I did a sudoku puzzle for the first time in a long time this weekend, and it got me thinking about a few questions around the number of possible puzzles, etc.
The rules of Sudoku are pretty simple. For a 9 x 9 grid, fill it in so each row includes the digits 1 – 9 and each column includes the digits 1 – 9. Additionally, the grid is broken up into nine 3 x 3 sub-grids. Each character can only appear once in each grid.
Lazy Sudoku
Lazy Sudoku is a super fun game I invented. You start with Sudoku, except rows don’t need to be unique. Nor columns… Nor sub-grids.
How many variations are possible if the only rules are to fill in the N x N grid with the digits 0 – N?

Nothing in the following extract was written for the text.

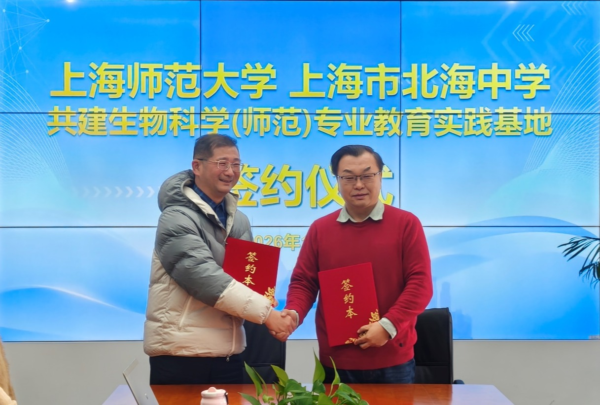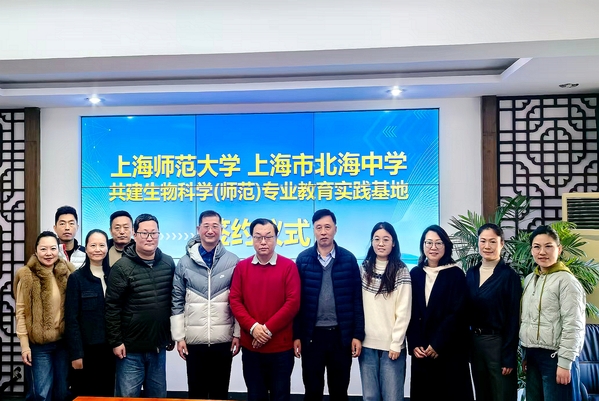 1月14日上午,OK138太阳集团与上海市北海中学在北海中学举行了生物科学(师范)专业教育实践基地签约仪式。OK138太阳集团院长戴绍军、副院长曹建国、生物科学(师范)专业负责人李慧,上海市北海中学校长郝晓刚,副校长杜云峰、洪捷,党支部副书记蔡扬,办公室主任李沁玉,政教主任张万强,教导主任郝静文,总务主任张光磊以及生物教师代表孙锐出席本次签约仪式。

This one’s pretty easy, it’s just an N^2 digit number. For a 1 x 1 grid, you can put 1. For a 2 x 2 grid, you can put 1111, 1112, 1113, …4443, 4444. For a standard 9 x 9 grid, you can fill it from 1{81 times} – 9{81 times}. Generally, to figure out how many values can be represented by a number in a positional number system (what we use, not Roman Numerals), you take the number of possible characters and raise it to the number of spaces you can fill in. So for a three digit, base-10 number, it’s 10 ^ 3 or 1000.
So for our N ^ 2 digit number, with N possible characters, it’s N ^ (N ^ 2). That would mean our Lazy Sudoku puzzle has 9 ^ 9 ^ 2 possibilities, also known as 196627050475552913618075908526912116283103450944214766927315415537966391196809
How can you build a Lazy Sudoku puzzle?
I mean.. you can just do [random() for i in range(N)]. If you want to get a tiny bit fancier (but more verbose and generally worse), you could do:
def createLazySudoku(puzzleSize=81, charSet=range(1, 10)):
char = random.choice(charSet)
if puzzleSize == 1:
return f'{char}'
return f'{char}{createLazySudoku(puzzleSize - 1, charSet)}'
Bleg